Who picked up a prize at the Screen Nova Scotia Awards?

Ashley McKenzie's Werewolf and DHX's This Hour Has 22 Minutes were among the winners on Thursday night.
Werewolf

The third annual Screen Nova Scotia Awards took place Thursday, with Grassfire Films’ feature Werewolf and DHX Media series This Hour Has 22 Minutes picking up two of the night’s main honours.

Werewolf claimed the best feature film prize ahead of Winter Light Productions’ Exit Thread, Koumbie’s Ariyah & Tristan’s Inevitable Break-Up and Hold Fast Pictures’ Weirdos, directed by Bruce McDonald. Written and directed by Cape Breton’s Ashley McKenzie, Werewolf tells the story of two homeless drug addicts.

In the TV series category, This Hour Has 22 Minutes bested Mr. D (Topsail Entertainment) Trailer Park Boys (Sunnyvale Productions) and Trailer Park Boys: Out of the Park (TPB OTP Productions) to claim the award.

Meanwhile, John Walker’s Quebec My Country Mon Pays won the prize for best doc, ahead of My Life So Far (Nova Productions), Perfume War (Loud Baby Productions) and Play Your Gender (Stephanie Clattenberg). John Walker’s doc also won the prize for best writing in a feature-length doc at last week’s WGC Awards.

On the short film side, Fish from filmmaker Heather Young nabbed the top prize. Also nominated in the category was Black Cop (Black Rabbit Entertainment), How You Turned Into A Fish (Jenna Marks Films) and Hustle & Heart (Koumbie).

In the acting categories, Mr.
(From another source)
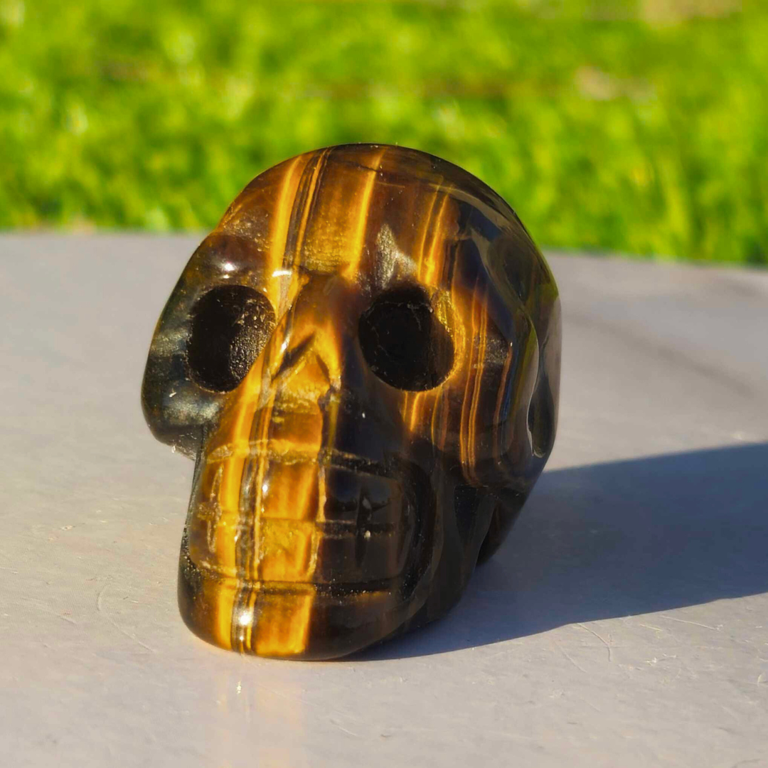 An amazing high grade Tiger's Eye polished skull carving with a high gold-brown flash

D‘s Bette MacDonald won the outstanding female lead actor prize, while Mike McLeod, who stars in Forgive Me (Emotion Pictures), won the outstanding male lead award. Molly Dunsworth won the best supporting female actor prize for her role in the short film Ingrid and the Black Hole and Nathan D. Simmons won the best supporting male award for his role in the short film Hustle & Heart.

The night’s other prize, Film Crew Excellence Award went to editor Sarah Byrne.